Director(s): Adam McKay

Writer(s): Adam McKay

Cinematography by: Greig Fraser

Editor(s): Hank Corwin

Cast: Christian Bale, Amy Adams, Steve Carell, Sam Rockwell, Alison Pill, Jesse Plemons and Tyler Perry

Review:

Adam McKay before 2015's The Big Short, was best known for his comedic work with Will Ferrell, Anchorman and Step Brothers among them, so this satire look at complex real-life events came out of nowhere, for me. McKay managed to dilute a complicated subject matter, the financial crisis, and made it engaging and entertaining. So, once it was announced that he would be tackling the life of Dick Cheney, and Christian Bale was tackling the lead role, colored me interested. Let's talk about it.

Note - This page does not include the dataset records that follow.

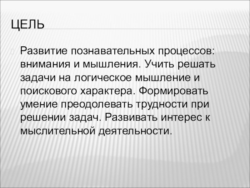 Развитие познавательных процессов: внимания и мышления. Учить решать задачи на логическое
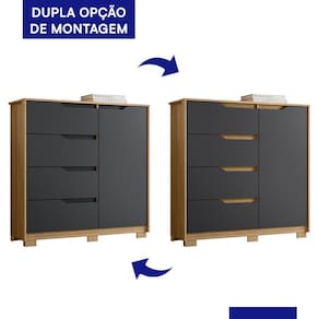 A Cômoda Sole 1 Porta e 4 Gavetas Flex combina praticidade e estilo em um só móvel. Feita em MDP com pintura UV, conta com 1 porta, prateleira interna e 4 gavetas com corrediças telescópicas, garantindo organização eficiente. Os puxadores em cava e os pés em ABS dão um toque moderno, enquanto a versatilidade na montagem permite escolher entre duas cores nas vistas, adaptando-se ao seu estilo de decoração.
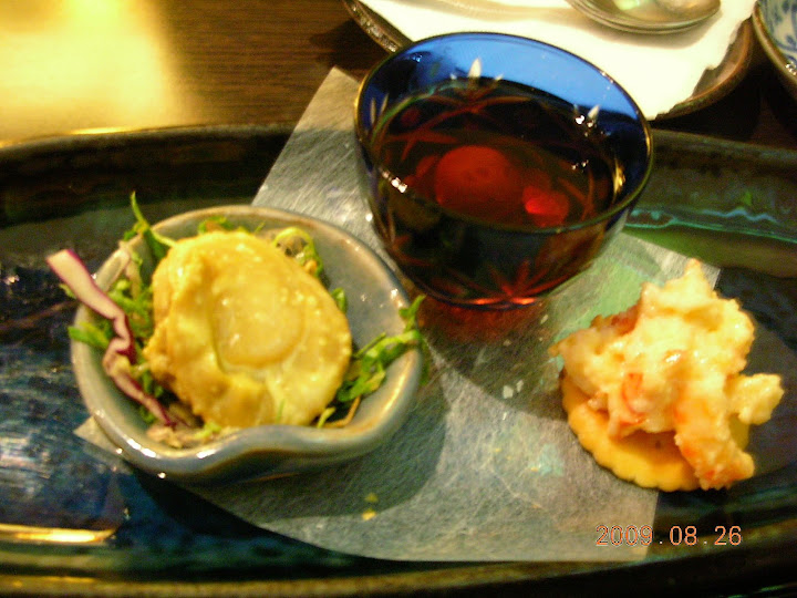左起:咖哩干貝 梅酒 龍蝦莎拉~
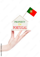 Female hand holding wooden house model with flag
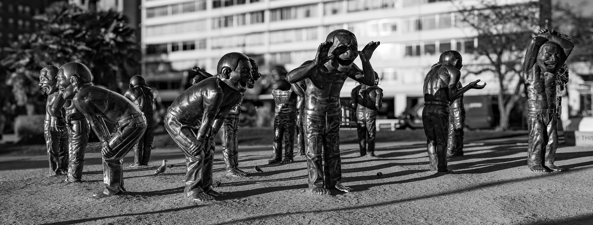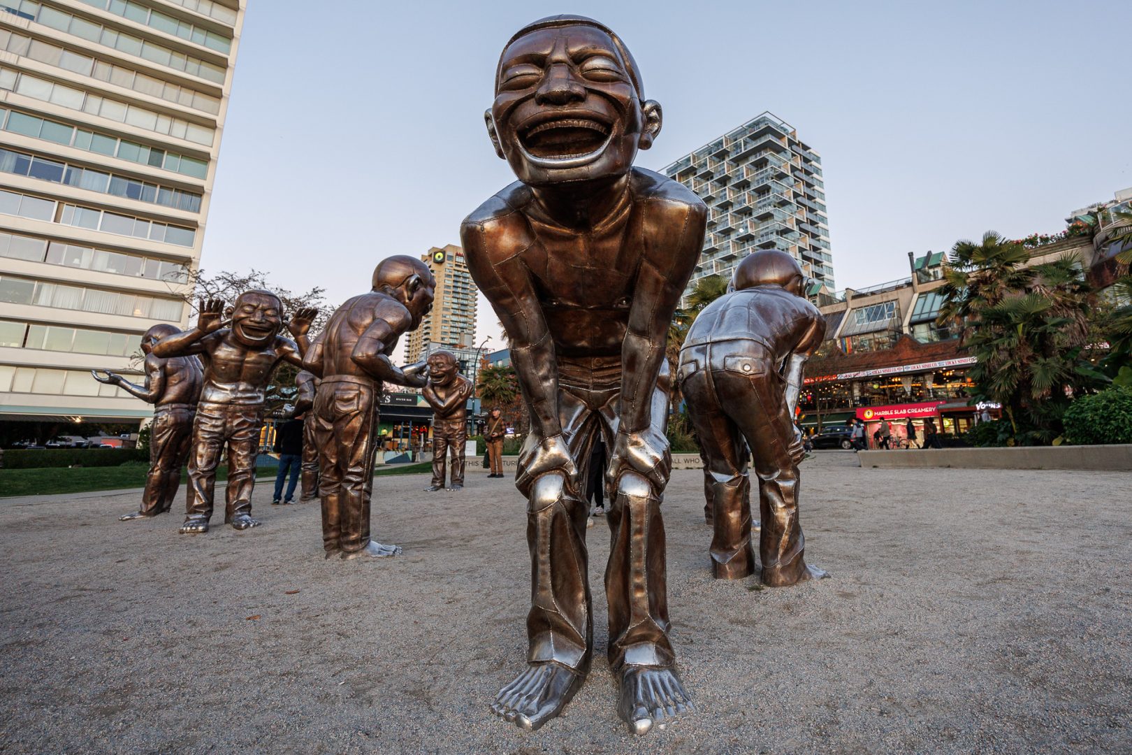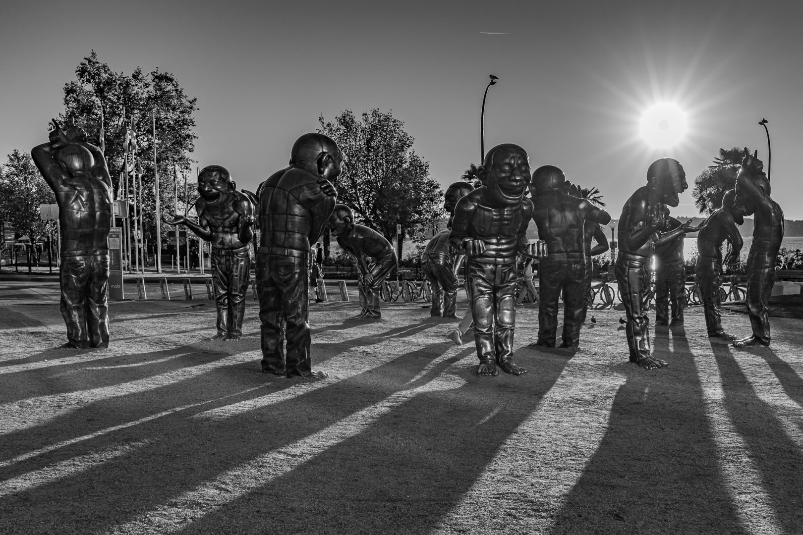 Encore une fois 😜, nous passons devant A-maze-Ing Laughter. Ces statues sont belles au soleil couchant 🤩 ! Autre couleur, autre ambiance… Le noir et blanc leur va bien aussi 😉
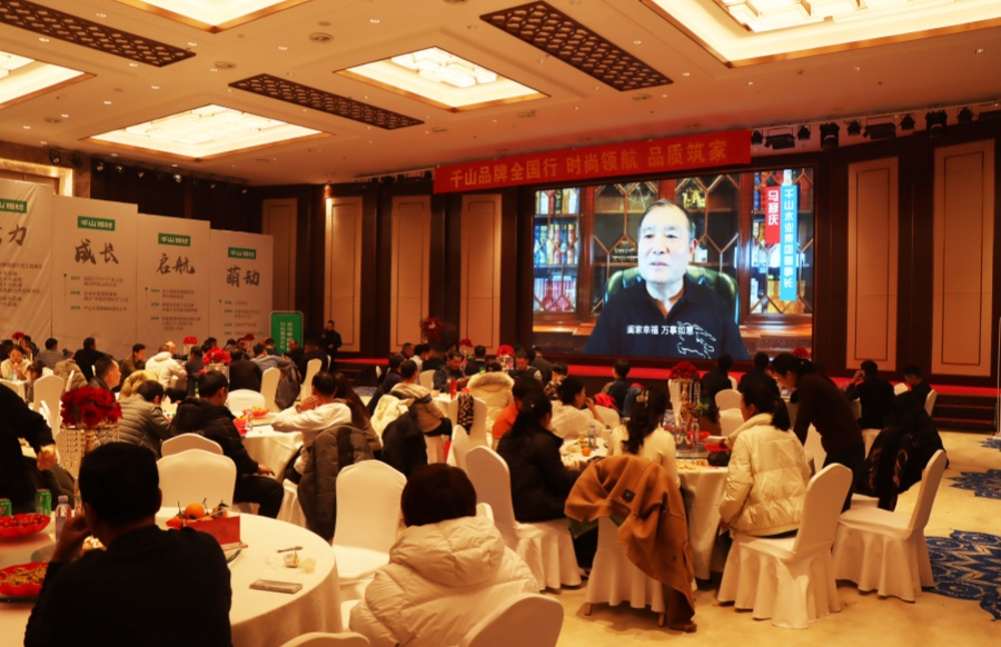 2023年12月26日,千山品牌全國行在山東泗水正式拉開帷幕。千山品牌事業(yè)部總經(jīng)理王松、山東直營倉銷售總監(jiān)楊秀山、泗水沐陽家居負責人宋肖東以及當?shù)匮b飾公司等百余位伙伴齊聚一堂,共同見證此次首發(fā)盛會。
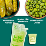 - Includes: (1) Pitted Butter Olives, (1) Kosher Dill LiveBrine (1) Kosher Dill Pickles
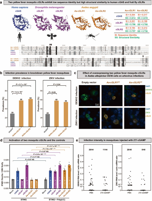 上述研究以昆虫为模式类群,在主要类群尺度上绘制了蛋白结构图谱,并建立了面向宏观演化问题的结构比较基因组学框架,为在结构层面解析蛋白功能的大规模演化提供了关键资源与方法基础。研究还揭示了先天免疫受体cGLR在昆虫中的广泛分布与结构保守性,并在埃及伊蚊中验证其功能,为理解昆虫抗病毒免疫提供了新机制,也为研发蚊媒病毒干预策略提供了潜在的分子靶点。
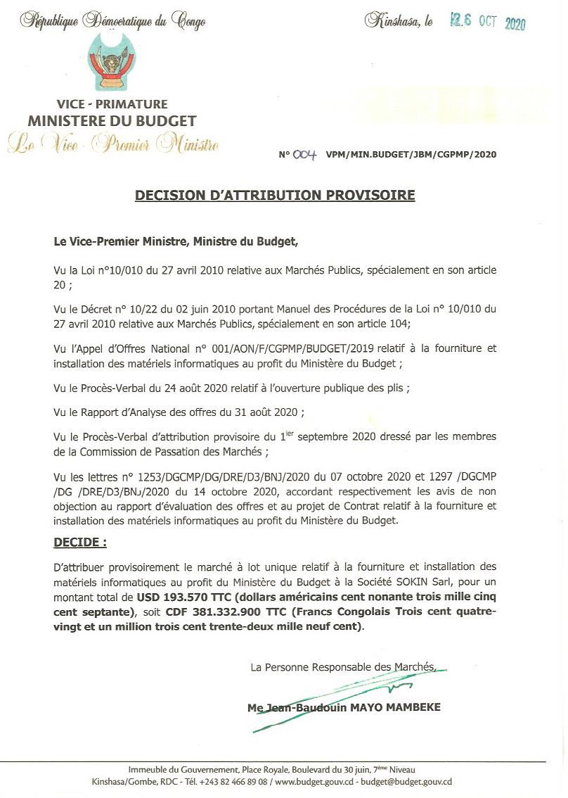 Attribution définitive du marché accordée à l’établissements lokela relative à la livraison d’équipements informatiques au profit du secrétariat général de la reconstruction.

The story starts in 1963, a young Cheney (Bale) after a long night of drinking is given an ultimatum by his wife Lynne (Adams). From there Dick's goal in life is clear, he will become the successful man his wife deserves. The story tracks him from his 1969 internship at the White House under Rumsfeld (Carell) all the way to his Vice Presidency alongside George W. Bush (Rockwell), showcasing all the power moves he made behind the scenes that would change the political landscape for years to come. McKay once again utilized a narrator (Plemons) to help the audience understand most of the complex ideas explored throughout the runtime. However, this time around instead of asking celebrities to explain a decision or idea, he spliced them within the story, my favorite being the restaurant scene in where Alfred Molina gives them the choices of war and torture. While I did enjoy the movie and found it funny, the tone of the film felt more heavy-handed than The Big Short and could be that there was no way around it, but I wished it was a bit subtler than it was.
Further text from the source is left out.